Матрёша вспрыгнула козою и скрылась за зданиями.

Княгиня снова опустилась на верхнюю ступеньку крылечка, маленький Миша сел и прижался к её коленам, а девушки столпились у крыльца. Через несколько минут послышались шум шагов, осторожный говор, бряцание цепи, и из-за угла терема вышла толпа скоморохов. Они подошли ближе, остановились в почтительном отдалении — и земно поклонились княгине.

— Встаньте, встаньте, прохожие люди! — ласково сказала княгиня.

Скоморохи встали и выпрямились, держа в руках войлочные колпаки и гречишники.[5]

Их было человек двенадцать, и они казались шайкою разбойников — так дерзок и лукав был их внешний вид. Впереди всех стоял поводырь с медведем. Огромный, с рыжей бородою, с одним глазом и чёрной дырою на месте другого, в сермяге и с босыми ногами, он производил отталкивающее впечатление. Рядом с ним, держа в поводу козу, стоял маленький паренёк в пестрядинной рубахе, с лицом, изъеденным оспою, с жидкими волосёнками на остроконечной голове; его раскосые глаза бегали во все стороны, а тонкие, бескровные губы растягивались до самых ушей. За ним стоял чудашник — высокий, слепой старик с угрюмым лицом, и рядом с ним мальчик, державший гудок старика. А дальше стояла толпа рыжих, чёрных, белых оборванцев с беспечными лицами и наглыми взглядами.

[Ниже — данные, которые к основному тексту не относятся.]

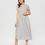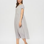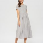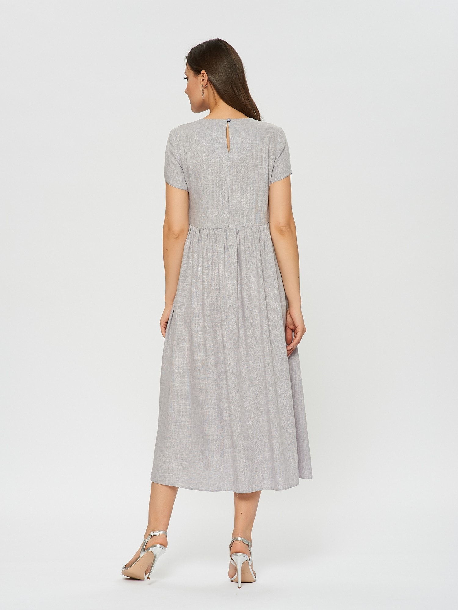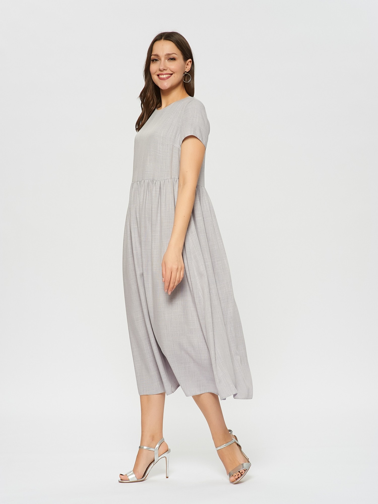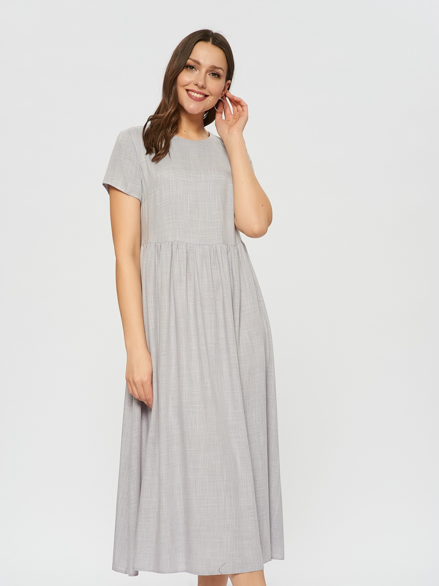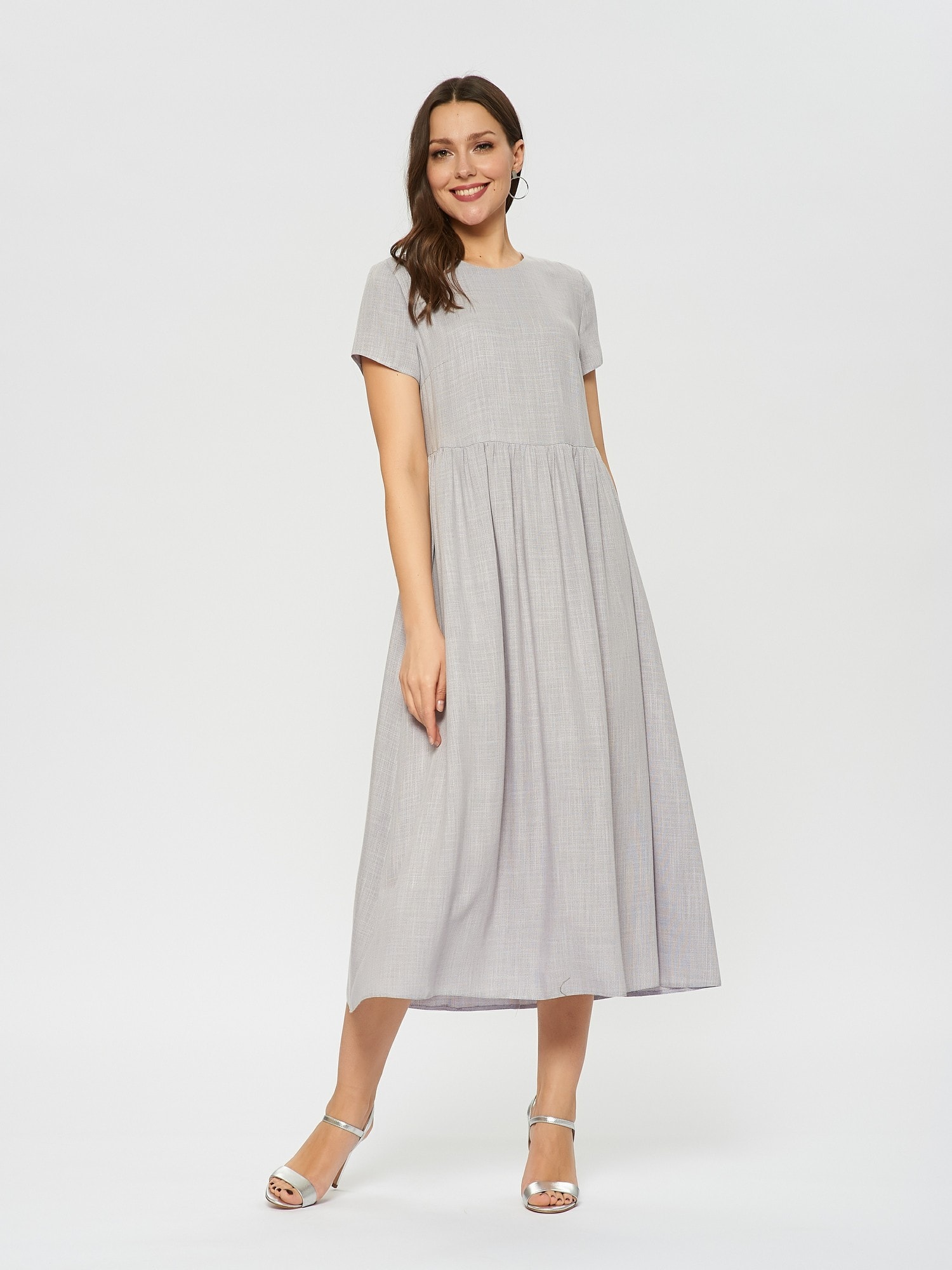 Свободное платье, отрезное по талии. Женственный фасон baby-doll в приглушенно-фиалковом пастельном цвете. Мягкая ткань с фактурной выделкой.Слегка завышенная талия со сборками.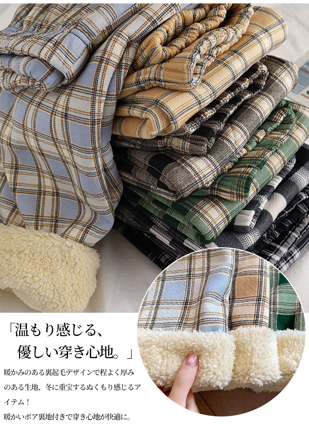 カラー: チェック柄/ブラック(裏起毛) チェック柄/ホワイト(裏起毛) チェック柄/ブラウン(裏起毛) チェック柄/グリーン(裏起毛) チェック柄/ウォーター(裏起毛) チェック柄/イエロー(裏起毛) ジョガーパンツ/ブラック ジョガーパンツ/大チェック ジョガーパンツ/小チェック ジョガーパンツ/ドット ジョガーパンツ/ストライプ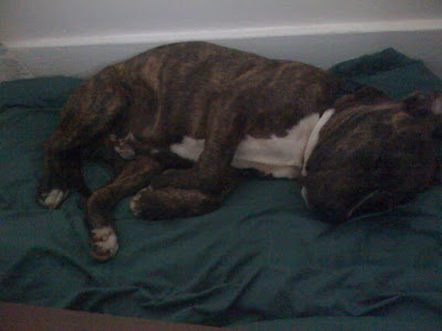 stolen from said home to live in another home where there were children. he, being a playful puppy, knocked these kids down while playing, thus leaving him to be chained up outdoors during a 5 day rain storm. sniff sniff.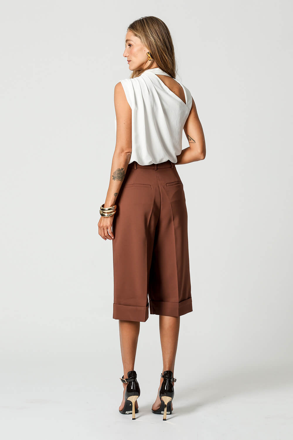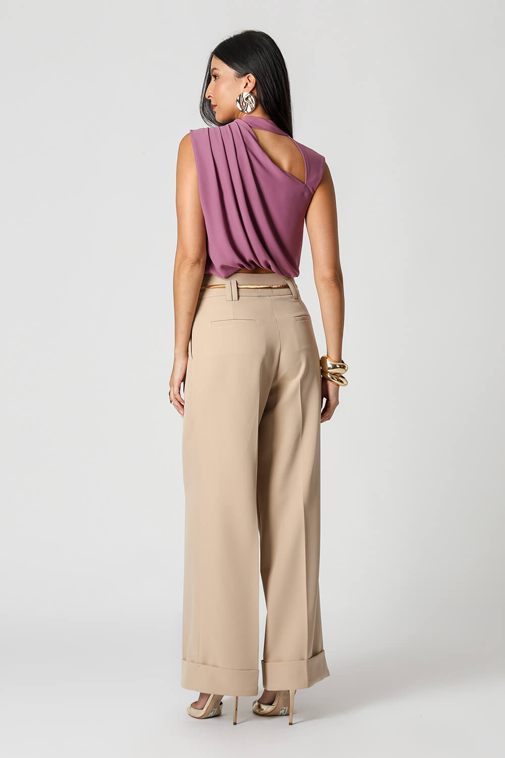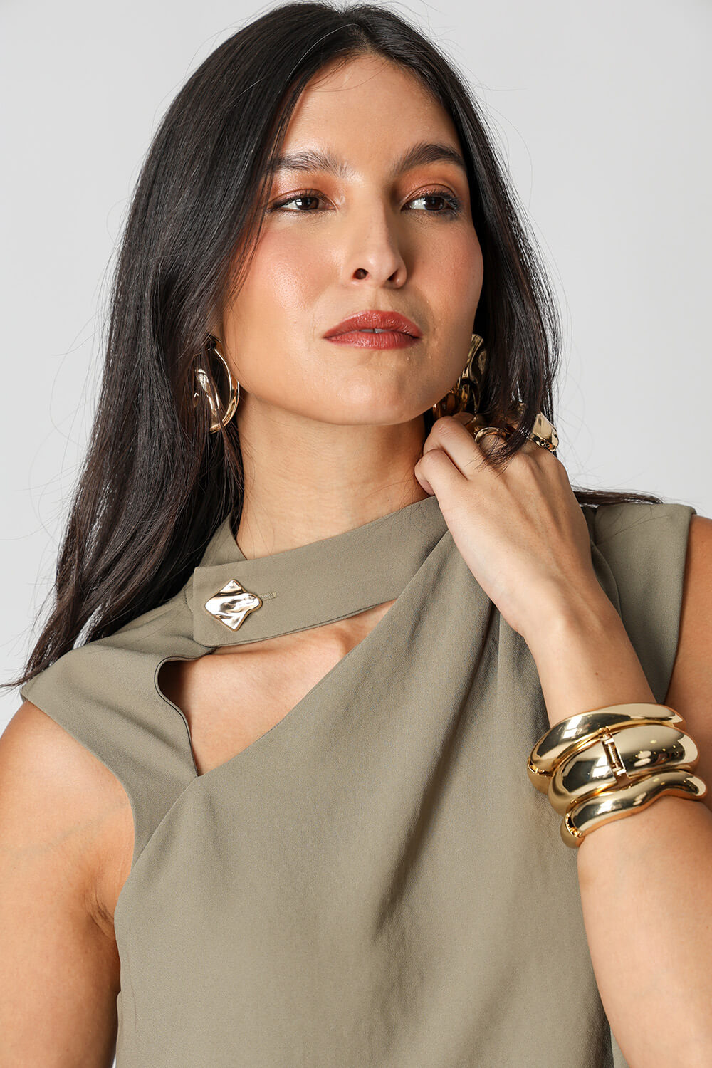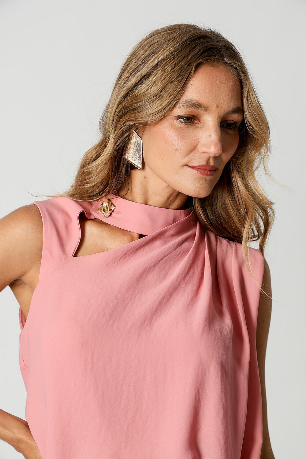 Detalhe de pregas no ombro e recortes no decote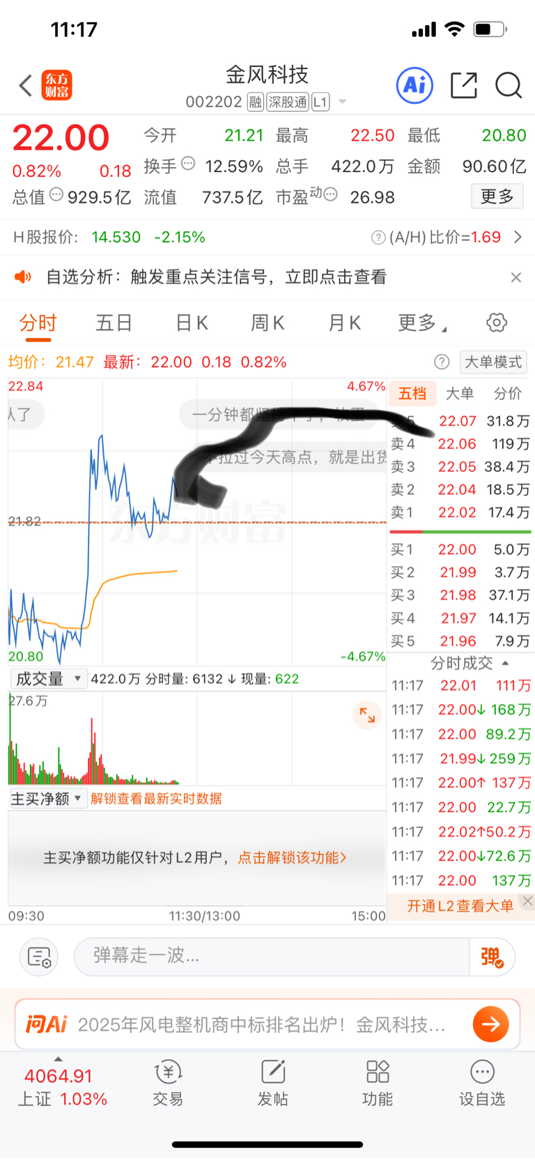 $金风科技(SZ002202)$ 马上涨停,线画好了的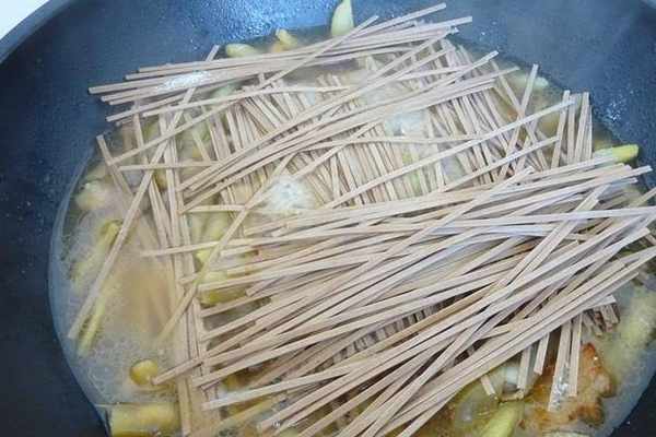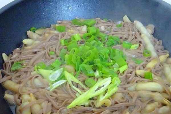 8、大約15分鐘後,放入蕎麥掛面,用筷子撥開。不要堆積著放,受熱發軟後,再輕輕按壓一下,入湯汁裡,煮開後,中火燜。

— Куда путь держите? — ласково спросила княгиня.

Рыжий поводырь тряхнул кудрями и ответил:

— На Москву, государыня-матушка, слышь, там на три дня от царя веселие заказано…

— Так, так, — сказала княгиня, — к нашему царю-батюшке его батюшка ворочается.

— Дозволь потешить! — проговорил тот же поводырь.

— Что же, потешьте! Чем тешить будете?

— А что повелишь нам, смердам. Есть у нас и гудошник — песню споёт, есть и куклы потешные, и медведь наученный, и коза-егоза, и плясуны, и сказочники. Что повелишь, государыня?

Девушки умоляюще взглянули на княгиню, и она, сразу поняв их желания, сказала:

— Ну, кажите всё по ряду!

Рыжий великан поклонился и дёрнул медведя за цепь. Тот зарычал и поднялся на задние лапы, девушки с визгом сжались, как испуганное стадо. Миша прижался к коленам матери, да и сама княгиня побледнела, услышав страшный рёв.

— Ну, ну, Мишук, поворачивайся! — грубым голосом заговорил косой поводырь. — Покажи на потеху честным людям для смеху, как лях кобенится, на красну девку зарится!

— А ты, коза-дереза, пляши для веселия, как смерд с похмелия! — загнусил его товарищ, дёргая козу за рога.

В это время загремел деревянный барабан, зазвенели накры (род теперешних тарелок), затрубил рожок, и началось представление. Коза с усилием поднялась на задние ноги и завертелась на месте, а медведь, рыча, поджал передние лапы, словно в бока, и, откинув голову, стал важно ходить взад и вперёд.

Лицо княгини озарилось улыбкою, девушки, поджав руками животы и перегибаясь, звонко смеялись.

— А покажи теперь, как этот лях до лесу утекает, — продолжал поводырь.

Медведь стал на четвереньки, жалобно замычал и поспешно побежал под ноги своему хозяину, а коза то опускалась на передние ноги, то вновь поднимала их и опять вертелась. Показал медведь, как девки горох воруют и как баба в кабак идёт похваляется и, из кабака выйдя, по земле валяется.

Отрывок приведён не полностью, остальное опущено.